Buy This Entire Record For $7.95

Download the entire decision to receive the complete text, official citation,
docket number, dissents and concurrences, and footnotes for this case.

Learn more about what you receive with purchase of this case.


July 28, 2000


The opinion of the court was delivered by: Berman, District Judge.

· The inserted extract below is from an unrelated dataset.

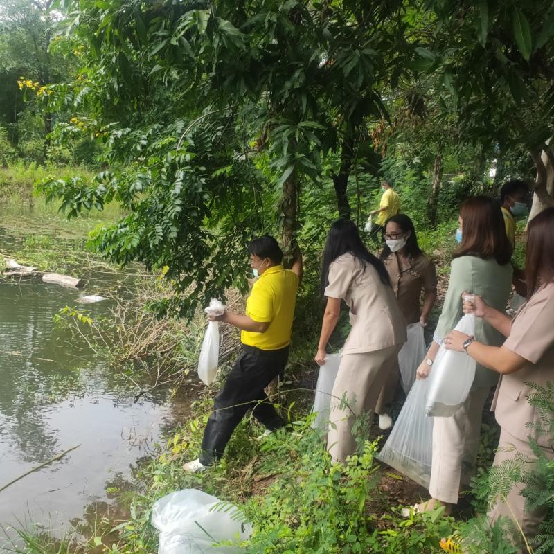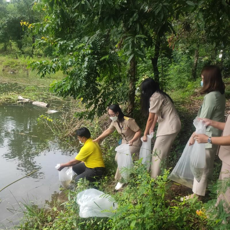ชาวเทศบาลตำบลหนองหลวง ร่วมใจกันปล่อยปลา บริเวณสระน้ำหลังเทศบาล

Plaintiff Marathon Outdoor, LLC ("Plaintiff" or "Marathon Outdoor") commenced this action on or about May 10, 2000 against Richard C. Visconti, Acting Commissioner, Department of Buildings of the City of New York (sued herein as "Richard C. Vesconti"), Rick C. Chandler, Bronx Borough Commissioner, and the City of New York (collectively, "Defendants"), seeking declaratory and injunctive relief and damages in relation to the City's enforcement of § 42-53 and § 43-43 of the New York City Zoning Resolution ("Zoning Ordinance" or "Zoning Resolution") which regulate the construction of outdoor signs. Plaintiff challenges a May 2, 2000 determination of the New York City Department of Buildings ("DOB") to rescind certain permits previously granted to Plaintiff for the construction of a billboard/sign structure at 1542 Boone Avenue in the Bronx. DOB allegedly rescinded the permits because it determined (1) that the structure was being used for off-site advertising, in violation of § 42-53, and (2) that the structure did not comply with the height and setback requirements of § 43-43.*fn1 Plaintiff claims that if it is required to remove the sign(s) it has erected, its First Amendment rights to free expression will have been impermissibly restricted. (Complaint ¶ 3). Plaintiff challenges § 42-53 and § 43-43 of the Zoning Ordinance on (U.S.Constitutional) First Amendment and Fourteenth Amendment grounds, and also claims that these provisions, as applied to Plaintiff, result in a denial of equal protection in violation of the Fourteenth Amendment and a taking, in violation of the Fifth Amendment.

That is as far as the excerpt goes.